L’ultimatum des autorités angolaises avait expiré le 15 mai dernier. Après cette date, le gouvernement devrait procéder à un retour forcé, indique le Bureau de coordination des affaires humanitaires (OCHA).

«Malgré cela, ces expulsés ont droit à une vie décente, aux soins de santé et à la nourriture, mais 80 pour cent croupissent dans des conditions inhumaines. Beaucoup de familles ont perdu les leurs suite à cette gymnastique devenue comme une habitude de la part de l’Angola», regrette Sylvain Kufonde, un activiste des droits de l’Homme en RDC.

«En 2012, plus de 60.000 Congolais avaient été expulsés dans des conditions déplorables», rappelle l’OCHA dans sa note d’information du 8 mai.

Franck Bavu, un blogueur congolais, indique sur son site qu’en juillet 2009, près de 7.000 Congolais avaient franchi la frontière angolaise pour retourner au pays.

Ivan Simonovic, secrétaire général adjoint des Nations Unies pour les droits de l’Homme, en séjour en RDC, avait condamné, le 10 mai, «la violence avec laquelle sont menées ces opérations d’expulsion».
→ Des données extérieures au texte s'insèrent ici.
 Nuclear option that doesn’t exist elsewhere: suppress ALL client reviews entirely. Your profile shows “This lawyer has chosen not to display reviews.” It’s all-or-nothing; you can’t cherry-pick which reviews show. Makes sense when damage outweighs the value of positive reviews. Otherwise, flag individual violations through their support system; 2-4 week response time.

Jean-Christophe Malela, chargé de communication au gouvernorat de la province du Bandundu, a affirmé à IPS que depuis quelques jours, une délégation composée des ministres et députés provinciaux était déjà en Angola pour discuter sur la manière de mener ces opérations et sur la possibilité de rouvrir la frontière dans un futur proche.
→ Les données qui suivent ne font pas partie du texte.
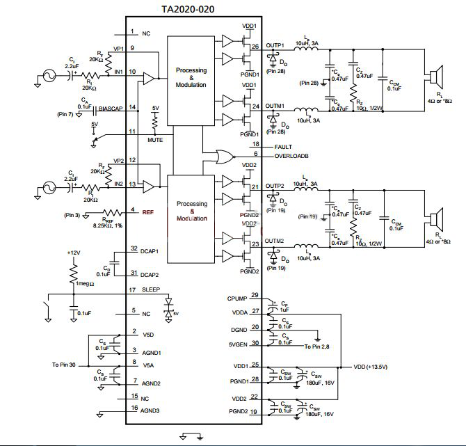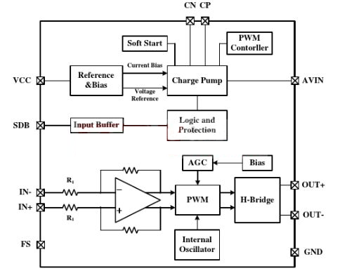 上圖是TA2020的內部模塊構造,從上圖上可以看出,該芯片內部主要集中了處理和調制模塊,從而實現高品質音頻的特性。

«Le gouvernement est en train d’organiser, avec la direction générale de migration, le ministère de l’Intérieur et des Affaires sociales ainsi que les partenaires, l’accueil des compatriotes. Mai vu leur nombre, les structures mises en place sont dépassées», a déclaré Lambert Mende, le porte-parole du gouvernement congolais.